View Full Version : neck relief
toddr
Mar-11-2006, 10:08am
I was wondering if anyone could give me some insight on correct neck relief and how to measure. and if it doesnt measure good the best way to make truss adjustments. thanks
Paul Hostetter
Mar-11-2006, 4:43pm
Sighting down the neck is fairly a waste of time. The best straightedge is built right into your instrument: the string under tension. Press it down at the first fret with one hand and on the bridge side of the 12th (or so) with the other. Now look at the halfway point and see what kind of clearance you have between the top of the frets and the string. That's the only part of the neck a trussrod can possibly affect. There should be a little clearance, but not much. Business card or so. Maybe less depending on how you play. Check the E and the G. Don't get upset if they're a little different.
Again, the rod only affects the thin barrel of the neck between the nut and the heel. If this straightedge check reveals other issues elsewhere on the whole board, you'll have to rethink the process. Check www.frets.com for advice on adjusting the rod.
Michael Lewis
Mar-11-2006, 10:36pm
I don't trust my eyes for such fine measurements, so I use a straight edge and feeler gauges.
mandolinplucker
Mar-12-2006, 7:50pm
I read in a Taylor guitar newsletterabout how they set up a guitar, and it seems to work well. Lay the mando on its back and fret it on the first fret with your left hand while fretting it on the 12th fret with your right pinkie. With your right first finger tap the string.
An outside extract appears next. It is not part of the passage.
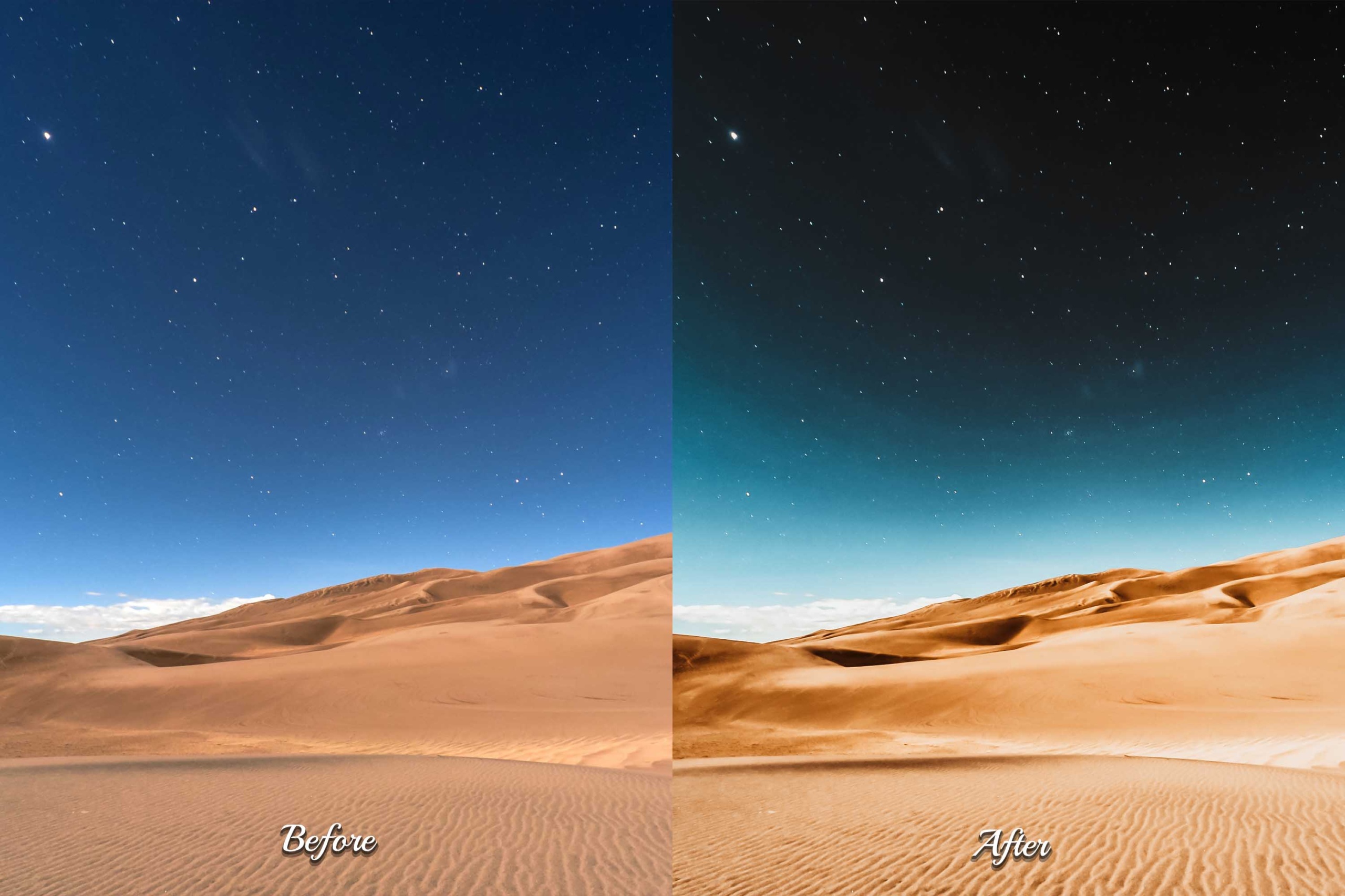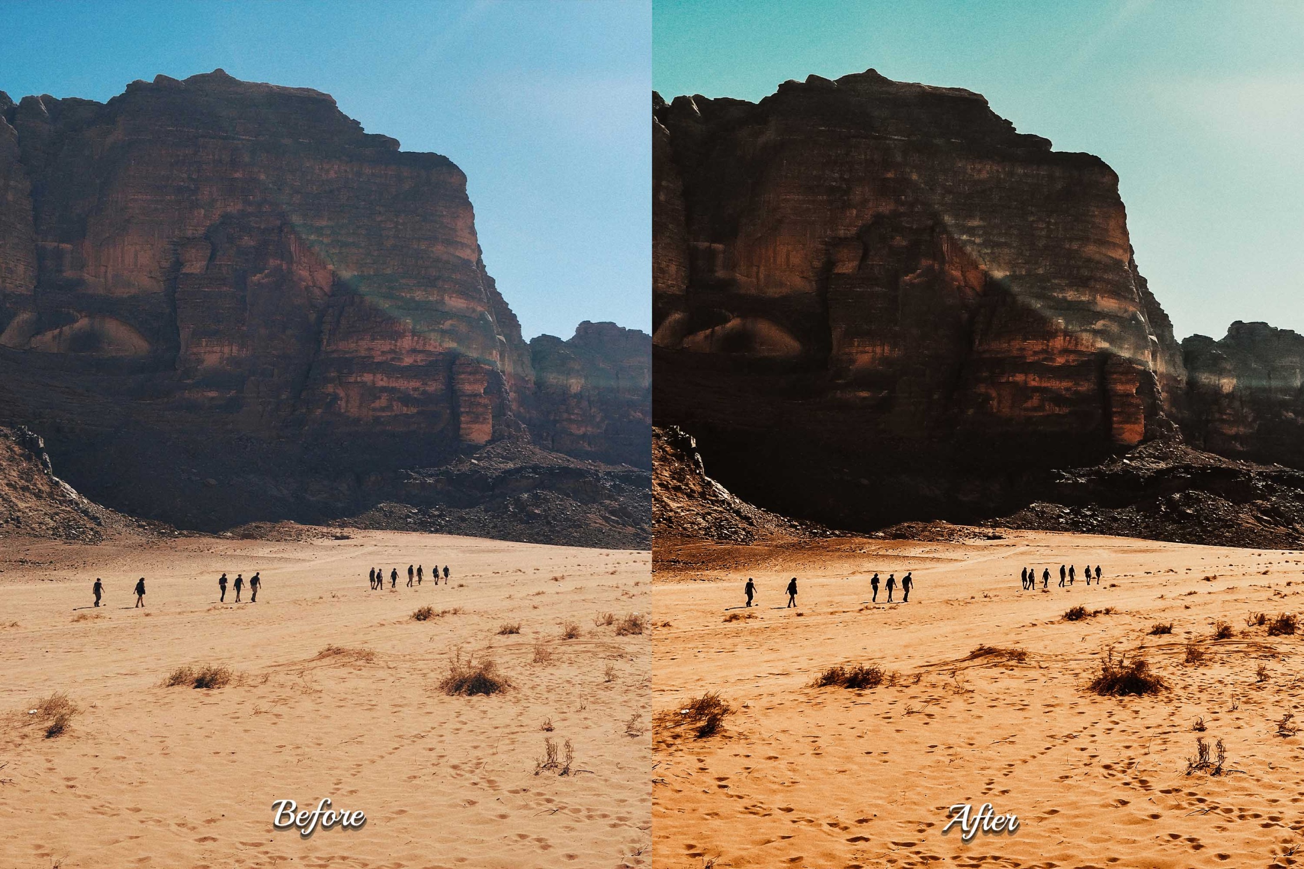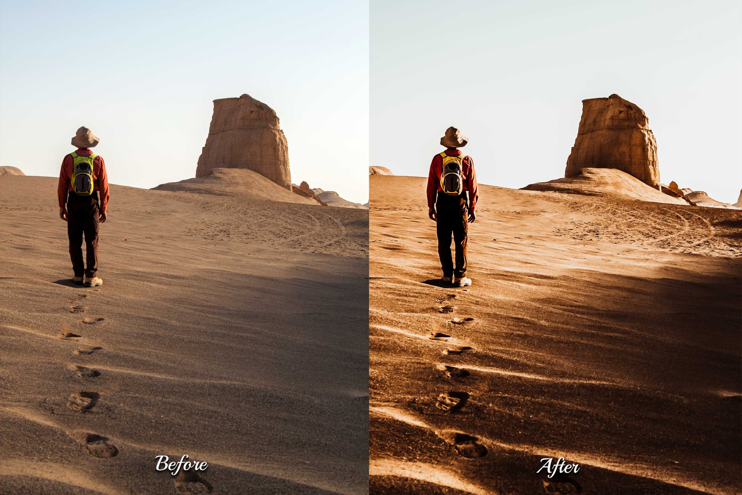 Enhance your desert adventures with Mirage Lightroom Presets. This bundle features 30 Desktop (XMP) and 30 Mobile (DNG) presets, perfect for landscapes, travel, dunes, and nature photography. Elevate your Instagram posts and achieve stunning golden hour effects. With themes like Desert, Orange & Teal, Bright, Warm, and more, this collection adds depth, vibrancy, and a touch of bronze. Suitable for bloggers, influencers, photographers, and anyone seeking the best desert vibes. Unleash your creativity and bring your Sahara and desert images to life!

There should be just enough gap between the string and the frets for you to hear the string tapping against the frets. Not real technical but it works for me. Its the same as mentioned before but the tapping is easier than trying to sight under the strings.
Bill Halsey
Mar-13-2006, 7:10pm
The curvature along the length of a string's fundamental vibration pattern is more or less parabolic, meaning that it kicks with more curve in its center than at its ends, not counting overtones & partials. Thus, it seems to work best to try to have the greatest neck relief around maybe the 9th to the 15th frets, with progressively less in the lower frets up to nearly straight approaching the nut. We're talking a tiny amount here...like Paul said, maybe a business card thickness in the middle -- or very little more if you're a very aggressive player. This is fussy stuff, but if you get it right it's what helps an instrument feel like it "plays itself."